Turkey Struggles To Join The EU As Another Terrorist Attack Injures Over One Hundred

This past Friday, a car bomb exploded at a Turkish police station in Diyarbakir, killing at least nine civilians, while injuring over one hundred. On Sunday, the Kurdistan Freedom Hawks—a subsect of the militant group Kurdistan Workers’ Party—claimed responsibility for the attack. The Kurdistan Workers’ Party is classified as a terrorist organization by both the Turkish and American governments.

The car bombing occurred several hours after members of the pro-Kurdish political party were detained by the Turkish government. According to the prime minister, these party members had not responded to a summons by a prosecutor, so they were detained as a part of an ongoing terror investigation.

The Turkish government’s first response was to blame the Kurdistan Workers’ Party for the attack, but the information did not line up completely—several Kurdish politicians were in the building that the Kurdistan Workers’ Party had allegedly attacked. To further complicate matters, the Islamic State initially claimed responsibility for the attack. It was not until Sunday that First News Agency, a pro-Kurdish journalism website, stated that the Kurdistan Freedom Hawks had carried out the bombings. In the statement, the Kurdistan Freedom Hawks conceded that they did not know there were Kurdish politicians in the building when they had initiated the blast.

Over the course of the past year in Turkey, the Kurdish militants and Islamic State have separately carried out multiple bomb attacks. This recent attack is only one example of response to Turkish president Erdogan’s rule. This past summer, a failed coup against Erdogan’s increasingly autocratic rule heightened tensions and instability in the region.

Erdogan’s authoritarian rule has implications outside of Turkey’s domestic sphere, as it has attracted the attention of foreign leaders as well.
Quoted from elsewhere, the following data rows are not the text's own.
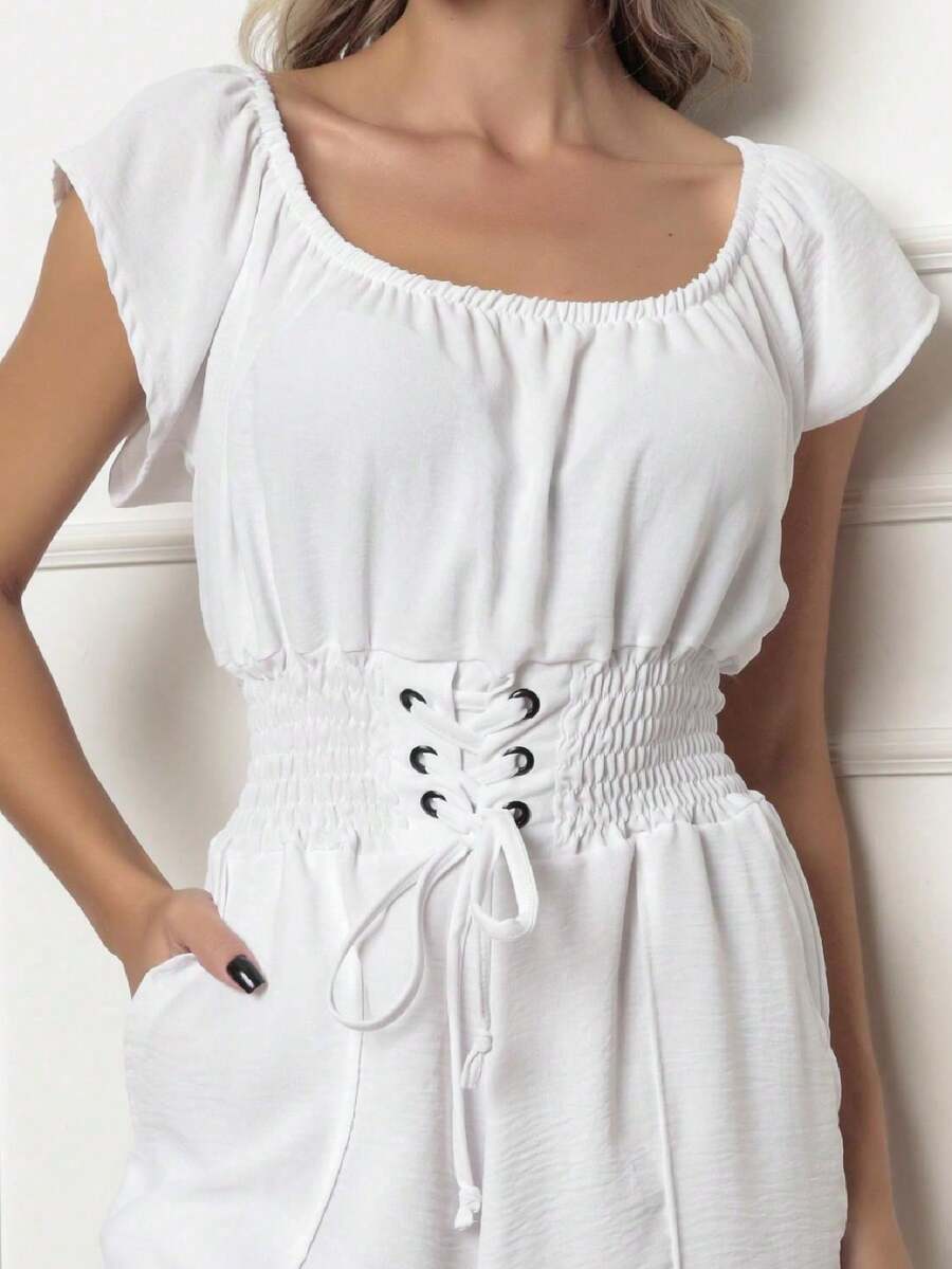 Macaquinho Feminino com Amarração e Elástico na Cintura Moda Verão Premium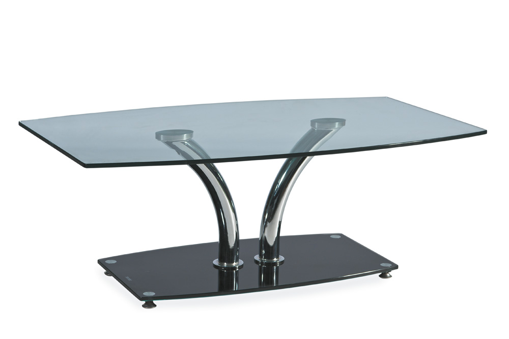 Atraktívny konferenčný stolík Kenzo B ponúka dvojfarebnú kombináciu podstavca v chrómovo-čiernom prevedení a taktiež netradičné dizajnové riešenie. Vrchná časť stola je tvorená tvrdeným priehľadným sklom čo zaručí ľahkú údržbu.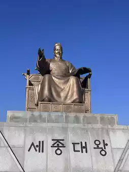 The statue is very large and stands very impressively in the middle. I heard that the whole statue is 6.2 meters high and weighs more than 20 metric tons. It was built in 2009 and designed by a professor at Hongik University. He had a book spread out in his hand, his expression was gentle yet dignified, and he looked very wise and kingly. There are several ancient instruments such as sundial and rain gauge in front of the statue, which has a sense of science and history.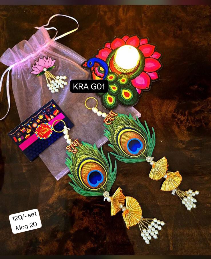 Each mini bag is designed with vibrant colors, elegant packaging, and high-quality devotional items that instantly enhance the festive mood. The Shubh Labh symbol attracts prosperity and good fortune, while the LED light adds a warm, spiritual glow—making the hamper a meaningful keepsake your guests will cherish.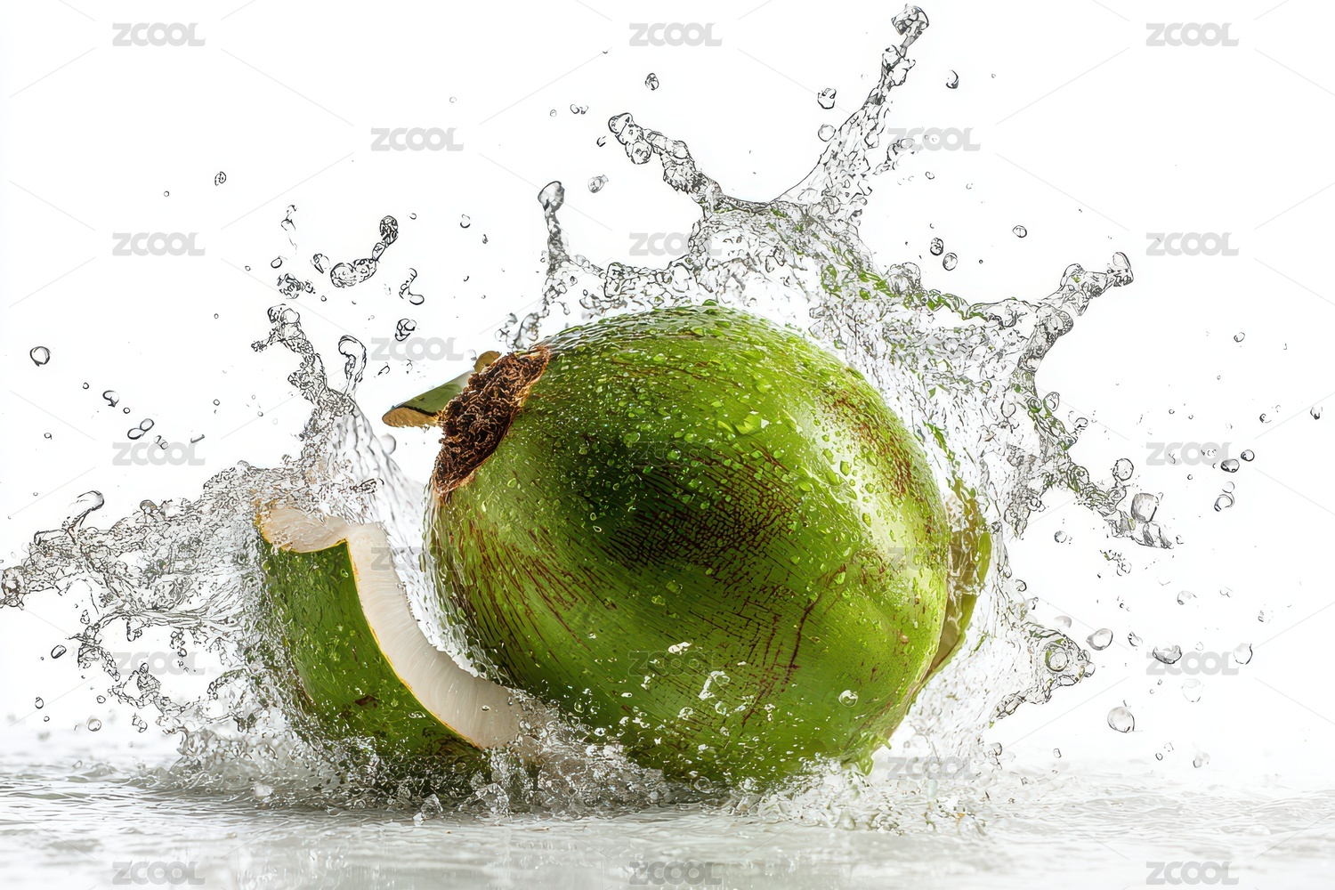 绿椰子与水花碰撞的瞬间

For example, Turkey has been seeking entrance to the European Union, but many leaders are wary of this notion. Marietje Schaake, a Dutch member of the European Union parliament, stated that the recent events in Turkey add “to a long list of events in which the Turkish authorities have failed to respect the rule of law and democratic principles, human rights, and press freedoms.” Schaake has gone one step further by advocating that the European Union not consider Turkey’s membership until “meaningful benchmarks towards respect for the rule of law are met.”